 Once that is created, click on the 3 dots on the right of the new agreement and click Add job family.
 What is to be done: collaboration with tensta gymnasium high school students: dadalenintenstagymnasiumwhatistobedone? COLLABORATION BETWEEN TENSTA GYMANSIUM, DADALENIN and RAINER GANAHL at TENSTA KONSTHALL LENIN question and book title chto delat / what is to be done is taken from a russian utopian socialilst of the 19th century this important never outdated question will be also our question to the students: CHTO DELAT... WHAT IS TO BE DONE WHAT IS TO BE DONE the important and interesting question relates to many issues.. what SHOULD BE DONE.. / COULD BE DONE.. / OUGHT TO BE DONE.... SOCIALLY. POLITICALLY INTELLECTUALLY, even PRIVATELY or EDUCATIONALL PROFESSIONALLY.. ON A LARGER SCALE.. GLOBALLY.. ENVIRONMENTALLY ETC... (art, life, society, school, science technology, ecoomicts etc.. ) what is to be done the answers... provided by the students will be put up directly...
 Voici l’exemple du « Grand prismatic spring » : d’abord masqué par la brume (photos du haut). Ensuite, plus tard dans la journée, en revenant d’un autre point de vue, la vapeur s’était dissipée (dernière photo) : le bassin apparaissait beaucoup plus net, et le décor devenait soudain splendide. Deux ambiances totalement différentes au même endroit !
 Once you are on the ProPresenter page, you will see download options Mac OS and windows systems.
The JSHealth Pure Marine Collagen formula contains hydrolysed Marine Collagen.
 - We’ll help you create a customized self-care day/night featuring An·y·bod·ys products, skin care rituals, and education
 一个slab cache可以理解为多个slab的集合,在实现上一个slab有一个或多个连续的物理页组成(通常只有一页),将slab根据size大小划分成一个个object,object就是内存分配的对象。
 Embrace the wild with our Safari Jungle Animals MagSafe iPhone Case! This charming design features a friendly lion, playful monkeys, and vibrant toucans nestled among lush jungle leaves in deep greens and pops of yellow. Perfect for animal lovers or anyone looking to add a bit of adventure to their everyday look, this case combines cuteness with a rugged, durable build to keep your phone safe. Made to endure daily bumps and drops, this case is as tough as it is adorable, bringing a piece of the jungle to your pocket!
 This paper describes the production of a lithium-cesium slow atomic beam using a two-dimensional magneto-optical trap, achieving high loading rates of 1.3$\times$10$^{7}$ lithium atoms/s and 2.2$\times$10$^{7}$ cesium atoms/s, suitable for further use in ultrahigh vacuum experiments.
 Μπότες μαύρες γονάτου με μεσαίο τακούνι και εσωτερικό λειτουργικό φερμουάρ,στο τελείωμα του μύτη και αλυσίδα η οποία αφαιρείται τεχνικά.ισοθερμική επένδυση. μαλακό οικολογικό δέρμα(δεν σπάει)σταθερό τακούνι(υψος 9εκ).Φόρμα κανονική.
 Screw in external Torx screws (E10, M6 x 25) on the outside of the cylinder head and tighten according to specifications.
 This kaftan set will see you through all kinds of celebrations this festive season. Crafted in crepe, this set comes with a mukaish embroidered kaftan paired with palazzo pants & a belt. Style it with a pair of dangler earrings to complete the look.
◆ ◆ ◆ ◆ ◆ ◆ ◆
Within the material above, find the lines that hold "Once" and report only how many there are.

2